Minimize Costs, Maximize Production Volume With Live Optimization
Keeping costs low and boosting production volume are two of the biggest challenges manufacturers face. In this post, you'll learn how a live machine learning solution can help you address both these concerns while ensuring that the quality stays within the necessary specs, whether you produce steel or cement, chemicals or CPG.
A live machine learning solution streams data directly from the production line and tells engineers and operators how to adjust settings based on this real-time data. Instead of applying static assumptions to a broad range of processes, you get live predictions and optimizations tailored to your unique raw materials, or to the process setting impacting your quality at the time of the prediction/optimization. Skip unnecessary tests or add fewer raw materials, while remaining confident that your quality falls within specs.
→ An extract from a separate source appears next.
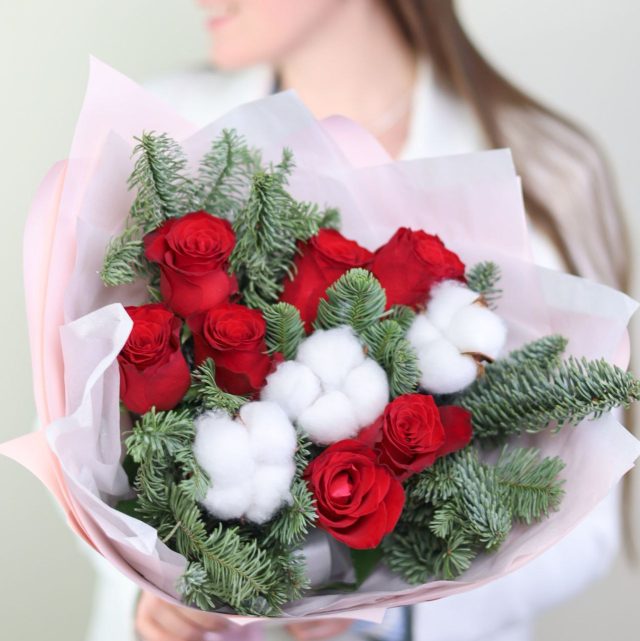 Букет стойких роз, хлопка и датской ели в оформлении.
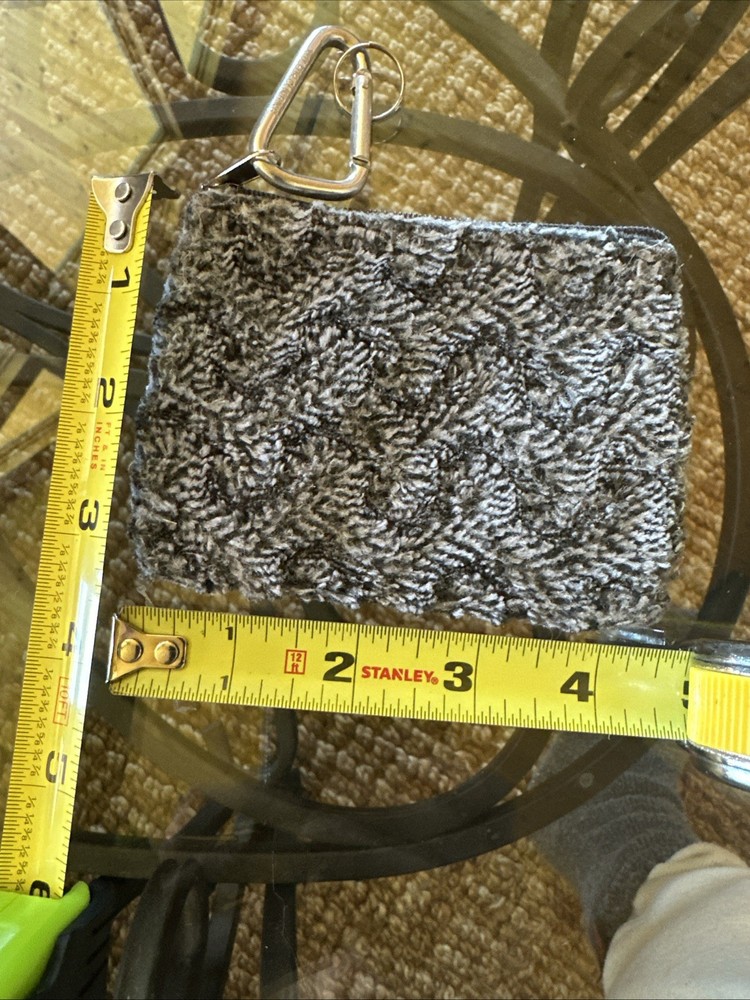 This small gray zip-around purse is designed in a unique wavy pattern, making it a stylish accessory for both men and women. The purse features a zip closure, a key clip/ring for added convenience, and a cool theme that sets it apart from other card wallets. Made from a thick wavy fabric, this purse is perfect for storing your cards and small items in a trendy and practical way. Thanks for the horse hay!

Everyone wants to keep costs low. With live machine learning, you can see exactly how much raw material you need to reach a given quality standard, keeping costs as low as possible.
Here's a look at how this works in a steel mill. Mistakes aren't cheap in steel, where a scrapped heat can cost as much as $100,000 due to wasted time and materials. So accuracy is of vital importance.
As part of the initial Fero setup phase, engineers in the steel mill tell the software what yield and tensile strengths they need to achieve. Based on the specified quality requirements, Fero can analyze a sample of each heat and tell operators the minimum amount of each alloy they need to add, in real time, to ensure they meet those requirements. As a result, costs and raw materials are kept as low as possible.
It's crucial to note that the software's recommendations don't come out of a mysterious black box. Rather, they're explainable. Confidence bands and buffer zones displayed prominently on the interface ensure that these recommendations fall within quality standards. If there's a slight probability—even 5%—of the heat being scrapped given the current settings, the prediction tells the operator how to change the settings to mitigate such an outcome.
What's the ROI? Within a month of enabling Fero's live optimization feature to provide engineers and operators with constant real-time recommendations, one steel company reduced alloy consumption by 16%, saving as much as $4 per ton as a result. When you consider that your typical steel mill generates over a million tons per year, this adds up to millions in savings.
Maximize production volume
Manufacturers are under constant pressure to increase throughput. Eliminating unnecessary tests, and the production bottlenecks associated with them, is an easy way to boost production volume. However, products also need to be tested to ensure they meet quality requirements.
With live predictions, you can reduce the number of tests you do by eliminating the unnecessary ones. Fero can look at the parameters for each batch or test group and reveal when the test can be skipped because the item will certainly fall within the desired specs, allowing engineers to focus more on production rather than testing and thus, increase their throughput dramatically. This Fero feature can reduce tests by as much as 70% and, by removing the testing bottleneck, bring production volume up as a result.
With fewer tests, you might think you're reducing your chances to control the quality of the product. To the contrary, live machine learning actually offers increased quality control and visibility. Fero software can run a virtual "test" in between official test readings, a functionality that's been deployed across chemicals, oil and gas, and other continuous producers. You can improve the process and the yield more if you actually know what your quality KPIs are in real time vs. waiting for a test to be completed every eight hours.
These are just a few examples of the many ways that live machine learning can benefit your production line. From cost savings and yield improvements to increasingly valuable sustainability metrics such as emissions reduction, basing decision-making on existing factory data rather than conservative estimates can be transformative, optimizing both the production process and your bottom line. With thousands of sensors in your factory, shouldn't you turn that data into your competitive advantage?